German entomologist (1805–1876)

Christian Wilhelm Ludwig Eduard Suffrian (21 January 1805, Wünsdorf, Teltow-Fläming – 18 August 1876, Bad Rehburg) was a German entomologist who specialized in Coleoptera especially Chrysomelidae.

He was a schoolteacher in Münster. Suffrian wrote many short papers and several monographs in both of which he described new species and genera. His collection is conserved by the Zoological Institute University of Halle-Wittenberg.

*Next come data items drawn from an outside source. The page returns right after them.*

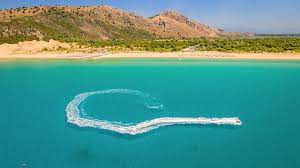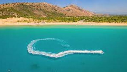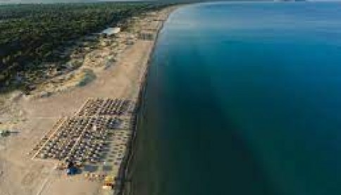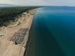 Πρόκειται για μία ειδυλλιακή και εξωτική εικόνα, χρυσής αμμουδιάς έκτασης 9 χιλιομέτρων, με γαλαζοπράσινα κρυστάλλινα νερά ενώ η φυσική ομορφιά που προσφέρει το πευκοδάσος της Στροφυλιάς (20.000 στρέμματα κατά μήκος της παραλίας).
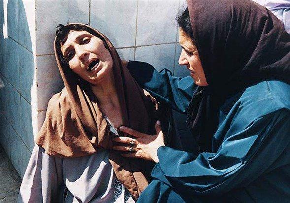 Cezayir'de bir kadın ölü ve yaralıların getirildiği hastane kapısında ağlarken..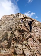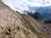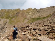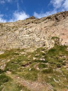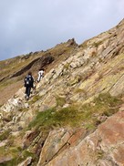 Enmig les lloses hi ha l'excletxa per on es puja cap al coll
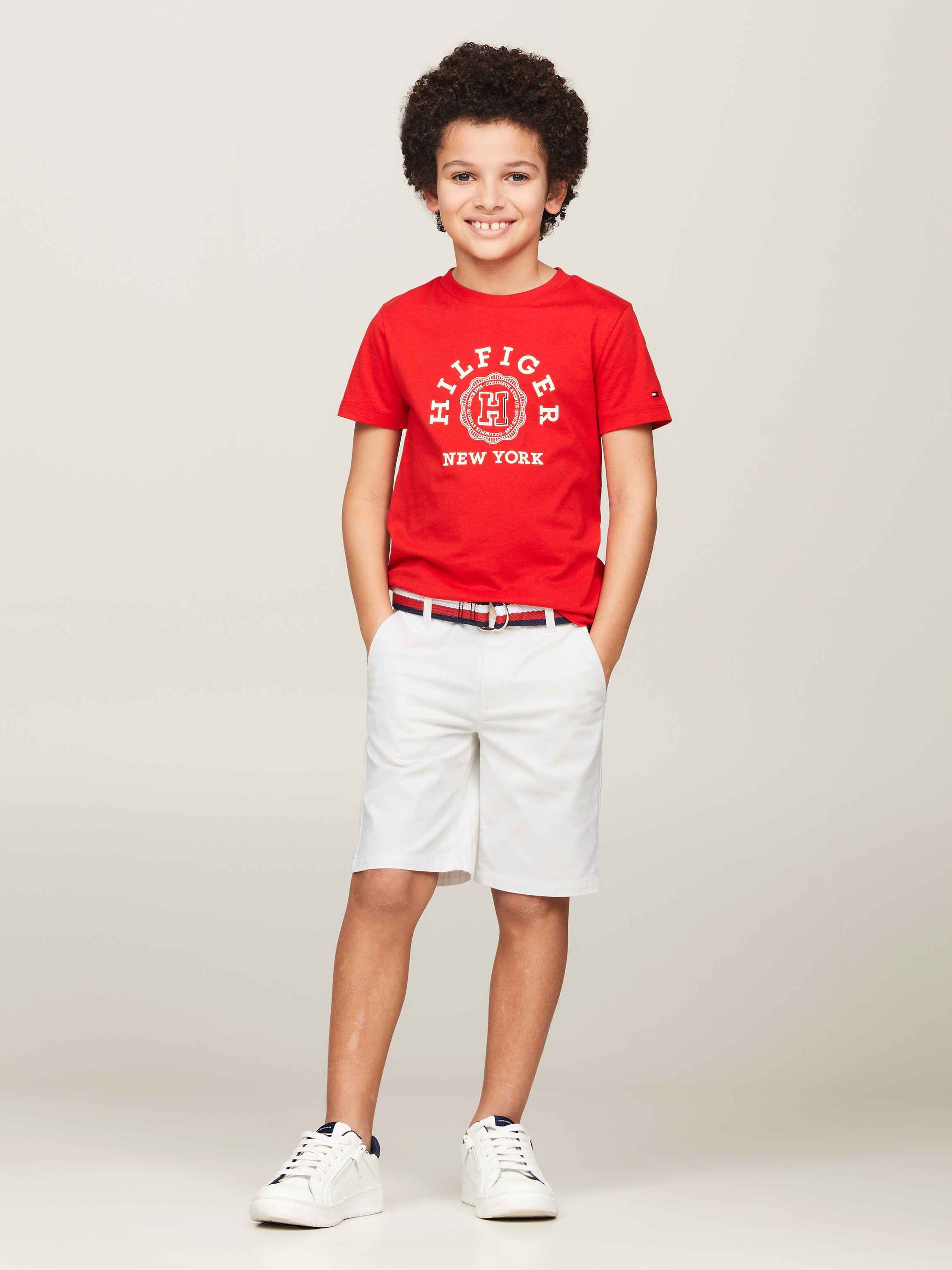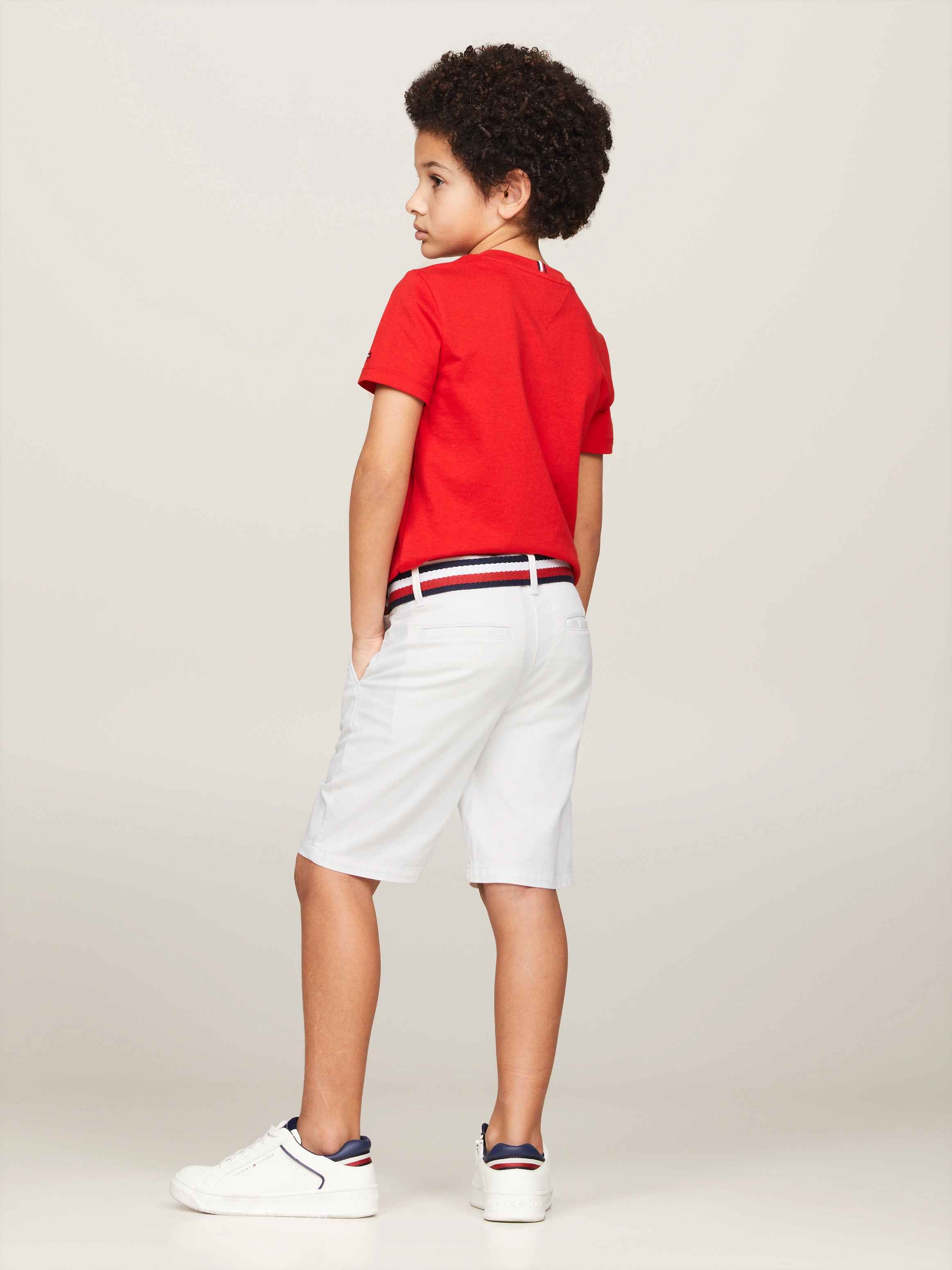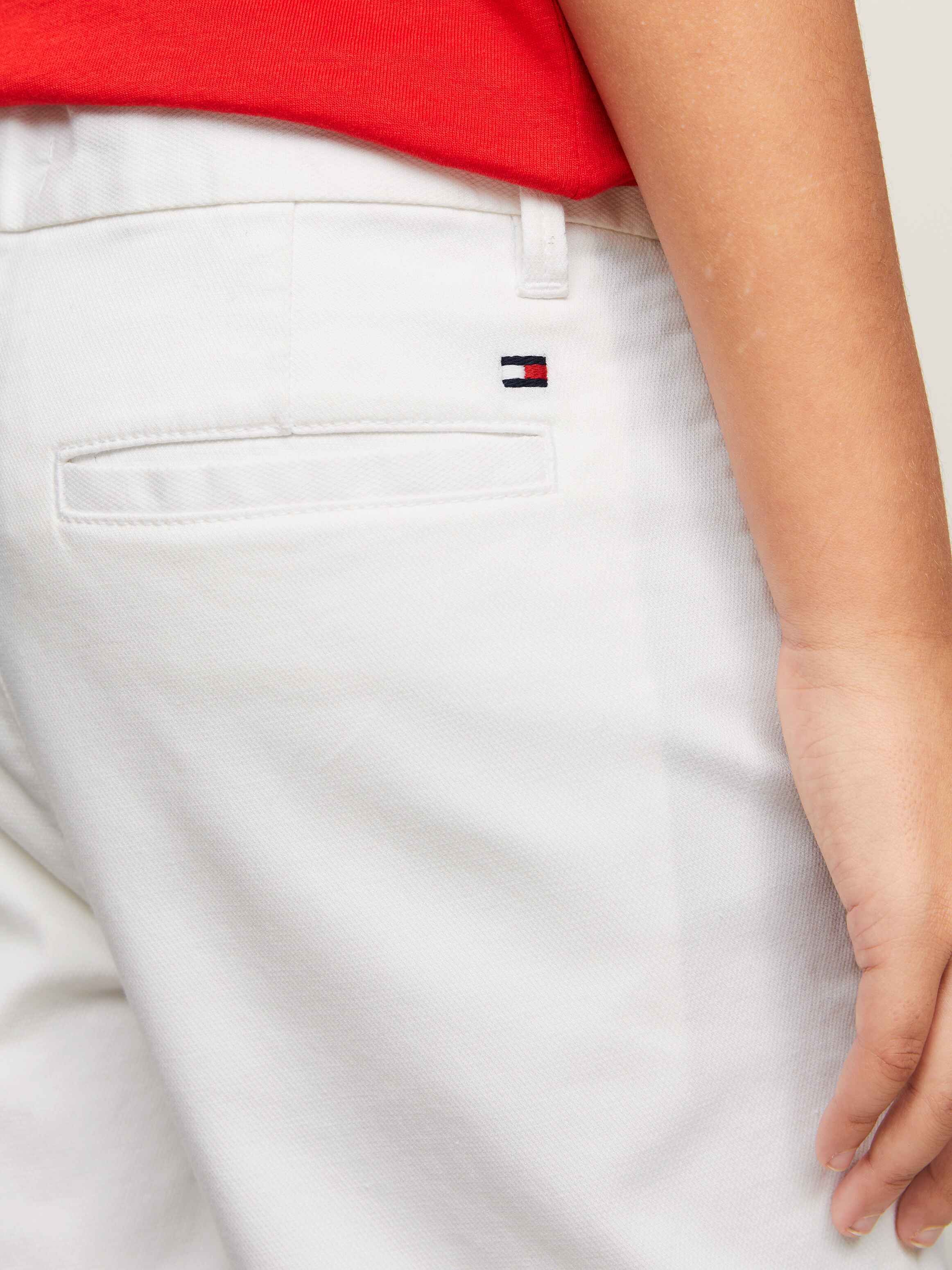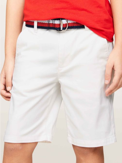 • Stretch organic cotton • Two side angled slip pockets • Two back welt pockets • Woven signature belt • Tommy Hilfiger branding • Tommy Hilfiger flag embroidery on back

Suffrian was a Member of the Halle Entomological Society and the Stettin Entomological Society.

==Works==
Longer works only
- Revision der Europäischen Arten der Gattung Cryptocephalus. Linn. Ent., 2: 1-194 (1847)
- Revision der Europäischen Arten der Gattung Cryptocephalus. (Fortsetzung und Schluss.). Linn. Ent., 3: 1-152 (1848).
- Zur Kenntnis der Europäischen Chrysomelen. Linn. Ent., 5: 1-280. (1851)
- Verzeichniss der bis jetzt bekannt gewordenen Asiatischen Cryptocephalen. Linn. Ent., 9: 1-169 (1854)
- Berichtigtes Verzeichniss der bis jetzt bekannt gewordenen Asiatischen Cryptocephalen. Linn. Ent., 14: 1-72 (1860).